I'm trying to implement the UKF for parameter estimation as described by Eric A. Wan and Rudolph van der Merwe in Chapter 7 of the Kalman Filtering and Neural Networks book: Free PDF
I am confused by the setting of $\lambda$ (used in the selection of sigma points and in the calculation of the weights for the mean). The authors recommend setting:
$\lambda = \alpha^2(L+k) - L$ where L is the dimension of the x. With alpha "small" $0 < \alpha < 1$, k either 0 or 3-L (different sources disagree on this). Sigma points are then calculated as a matrix $\chi$ with:
$\chi_{0} = x$
$\chi_{i} = x + \sqrt{ ((L+\lambda)*P_{x})_{i} }$ for i = 1....L
$\chi_{i} = x - \sqrt{ ((L+\lambda)*P_{x})_{i} }$ for i = L+1....2L
Where $(\sqrt{ (L+\lambda)*P_{x} })_{i}$ is the ith column of the square root of the covariance matrix of x.

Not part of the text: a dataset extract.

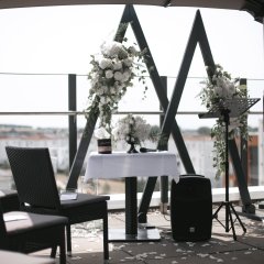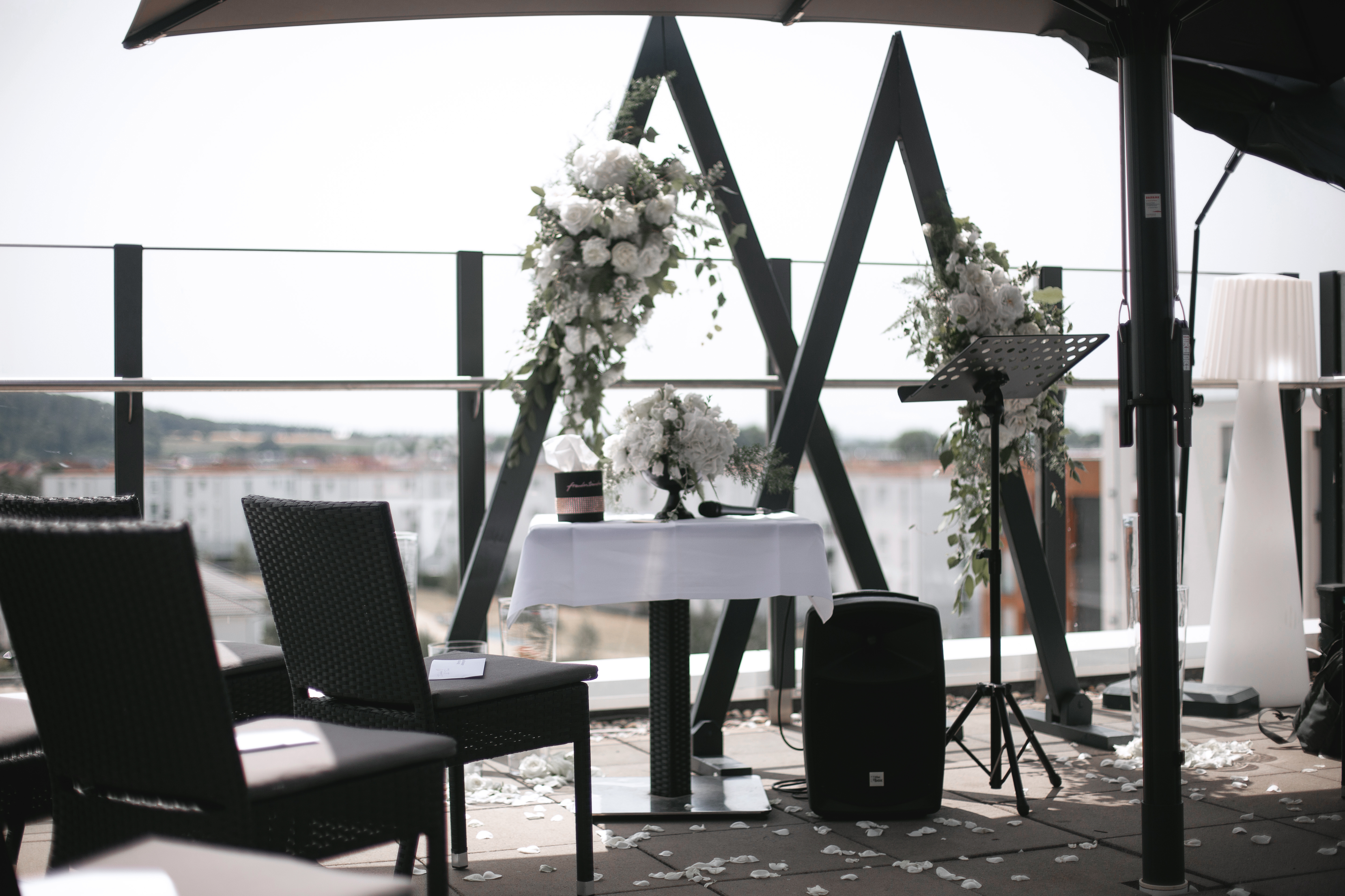 Das Standesamt Nidderau traut Sie gerne über den Dächern von Nidderau in der „Bright Lounge“ des Restaurants „Hannibal.“ Die sonnengeflutete Dachterrasse der „Bright Lounge“ bietet einen einmaligen Ausblick über Nidderau und kann bis zu 120 Personen umfassen. Doch auch für kleinere Trauungen wird dort ein separater Bereich für bis zu 35 Personen zur Verfügung gestellt. Klassisch werden alle Gäste im Halbkreis um den Trautisch platziert, welcher natürlich auch individuell mit Blumenschmuck geschmückt werden kann. Bei schlechtem Wetter findet die Trauung, mit Blick auf den Feldberg, im Innenbereich der „Bright Lounge“ statt. Ein besonderer Vorteil der „Bright Lounge“ ist, dass Sie direkt im Anschluss dort weiterfeiern können. Wurde Ihr Interesse geweckt? Dann setzen Sie sich bitte direkt mit dem Veranstaltungsteam in Verbindung.

Sigma points are ran through f:
$ Y_{i} = f(\chi_{i})$ i=0...2L
and the mean of Y is calculated as:
$ \bar{Y} = \sum{w_{i}Y_{i}}$
With the weights $w_{i}$ given as:
$$ w_{0} = \dfrac{\lambda}{L + \lambda} $$ $$ w_{i} = \dfrac{1}{2(L + \lambda)} $$
The issue I am running into is that for any reasonable values of L,$\alpha$ and k, $W_{0}$ ends up being negative (often very large negative values). While $W_{i}$ does sum to 1, the negative value results in the calculated mean being extremely far off. I'm sure there is something I am missing, but I can't figure out what.

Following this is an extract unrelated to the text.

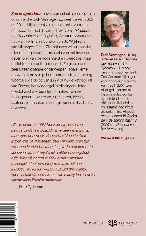 'Zen is opendoen' bevat een selectie van zeventig columns die Dick Verstegen schreef tussen 2002 en 2017. Hij schreef ze als columnist voor o.a. het boeddhistisch kwartaalblad Vorm & Leegte, het Boeddhistisch Dagblad, Centrum Waerbeke, het Han Fortmann Centrum en 'de Wijkkrant' van Nijmegen-Oost. Zijn columns wijzen zonder uitzondering naar het mysterie van het leven en geven blijk van bewogenheid en overgave, maar de lichte toets ontbreekt nooit. Ze gaan over zeer uiteenlopende onderwerpen, zoals: lente, de ware stem van je hart, compassie, ontroering, woorden, de dood van zijn vrouw, de kathedraal van Royan, het windorgel in Vlissingen, liefde, boeddhaschap, bedelen, emoties, relaties, management, overgave, gedachten, Nepal, leerling zijn, theekommen, zijn vader, stilte, licht en opendoen.
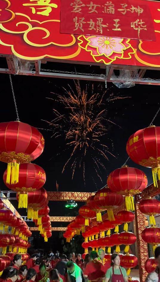 白天婚禮儀式結束了,傍晚又在家裡開了一場宴席,他們還放了一場煙火,在絢爛煙火下,賓客們的臉上也洋溢著開心的笑容。

I've been fighting with the same problem for some time now and I think that there is actually no real solution if you want to stick to the well-known algorithms. Here is what I found:
Adding to Mark's answer, in The Scaled Unscented Transform, Julier actually points out that (at least without $\beta$)

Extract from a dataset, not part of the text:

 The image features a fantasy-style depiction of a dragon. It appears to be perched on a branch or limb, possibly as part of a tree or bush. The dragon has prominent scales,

The untransformed weights in Wan and van der Merwe's paper correspond to Julier's original formulation in A New Extension of the Kalman Filter to Nonlinear Systems with $w_0 = \frac{k}{n+k}$ and $ w_i = \frac{1}{2(n+k)}$. The k + n = 3 rule will thus still not result in a guaranteed positive semidefinite covariance estimate if n is larger than 3. Actually, Wan and van der Merwe suggest setting k to 0, which results in an non-negative untransformed $w_0=0$ but still gives a negative transformed $w_0$.
So it seems that following the standard approaches, negative weights for the mean cannot be avoided if n is larger than 3. This is also a result in A Numerical-Integration Perspective on Gaussian Filters Section IV A, where they point out that having negative weights is indeed undesirable and can mess up the stability of the filter. So most probably, you are not missing something - the problem is the (scaled) UKF.
My solution so far has been to use the version in A New Extension of the Kalman Filter to Nonlinear Systems with a small, positive k. This however also somewhat suffers from high-dimensional states since the sigma points are placed farther away from the mean the higher n is. (Which I think was the reason for introducing the scaled unscented transform to begin with...)
Finally, if you feel adventurous, you can look into newer approaches for placing the sigma points. For example here the authors tried to learn the parameters $\alpha$,$\beta$ and k and ended up with very different and sometimes unconventional choices for different systems.